Here lies the conundrum for creative shops. The rules of engagement when pitching a piece of new business are counterintuitive to the DNA that allows them to generate great work.
Creative agencies thrive on being intense. We are daring and outspoken by design. We are people who wear our hearts on our sleeves and we channel all of that energy in an effort to make a great product. To sum it up, we are passionate about what we do. Unfortunately, all of that passion goes from being a creative blessing to an albatross on your morale when mixed with "pitch adversity."
There's a natural propensity for creative people to let anxiety creep into the new-business process. Whether it's conspiracy theories about who's pitching, second-guessing the ideas that were put forward, or simply frustration surrounding the engagement process, agencies get strained when courting new clients.

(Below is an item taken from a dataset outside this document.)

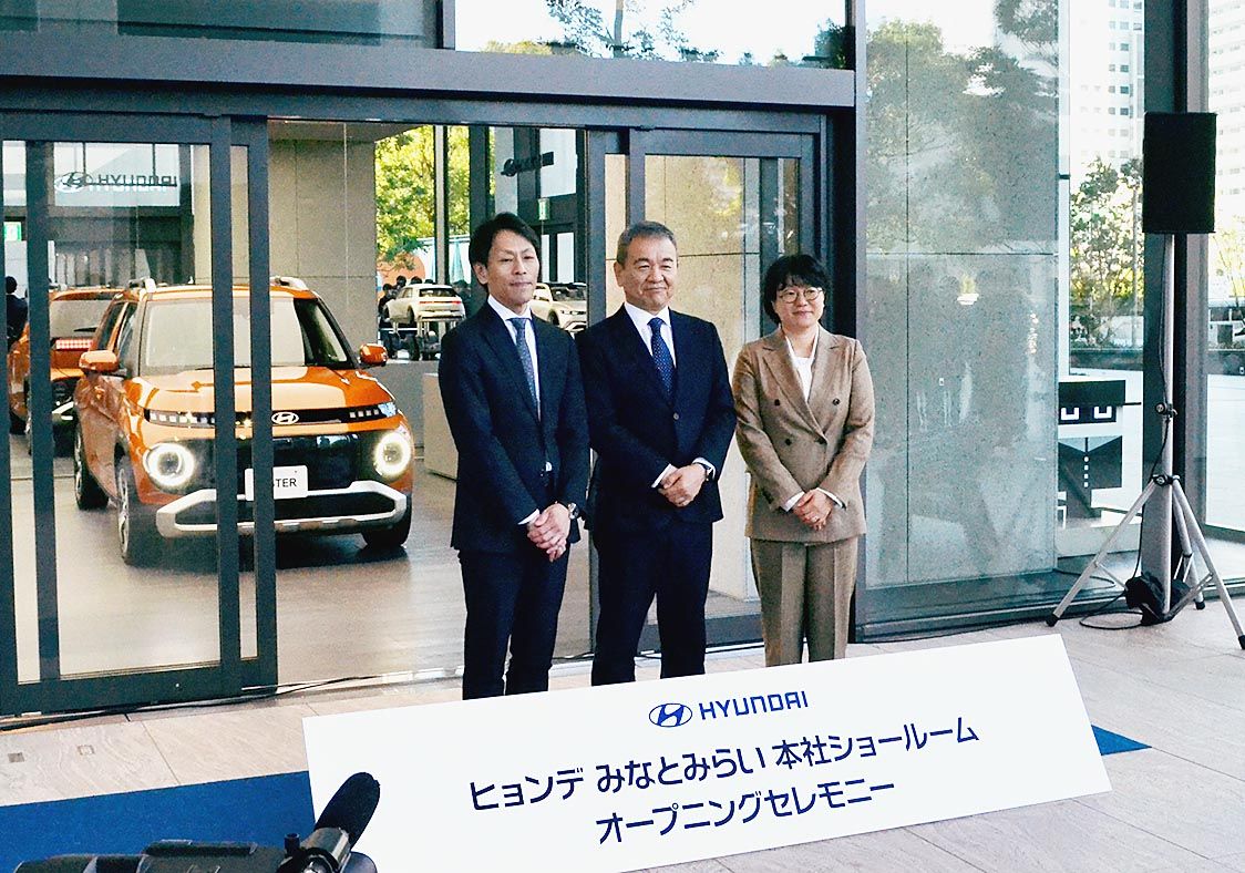 ヒョンデモビリティジャパン(七五三木敏幸社長、横浜市西区)は、「ヒョンデみなとみらい本社ショールーム」をオープンした。直営拠点としては横浜市港北区、大阪市中央区(準備室)に次いで3カ所目になる。同社は横浜市内にあった本社を1日付で近くのビルに移転したが、その1階に新ショールームを設置した。「東京オートサロン2025」で、日本で初公開したコンパクトSUVタイプの電気自動車(EV)「インスター」などを展示している。

When dealing with adversity in a pitch, the best approach is to keep to the high road. Don't leave multiple voice messages or send frantic emails to a client if you haven't heard anything from them for a week. Maintain contact, and don't write an account off if the client has gone off the radar for a bit. More often than not, a delay means that the client was dealing with other issues and hasn't come to a decision yet. Building a successful relationship with a client is a marathon, not a sprint.
A lot of agencies fall into the trap of being overly aggressive when they want an account. Recently, when a CMO I know was managing a pitch, a creative director from a high-profile NYC firm gave him a call right before the client was due to make a decision and extolled that they would "make history" together. While this premise was cool, the proposition was unbelievable and desperate. In his effort to push the account over the top, this last-minute attempt to close the deal ultimately hurt the agency's chances, and they lost the pitch. The rest, as they say, is history.
And lastly, don't burn bridges if you don't win a pitch. Even the best agencies in the world get passed over. Sometimes it's hard to accept, particularly if you presented a great campaign. Once the decision is made, keep your cool. In the immortal words of Donnie Brasco, "Forget about it."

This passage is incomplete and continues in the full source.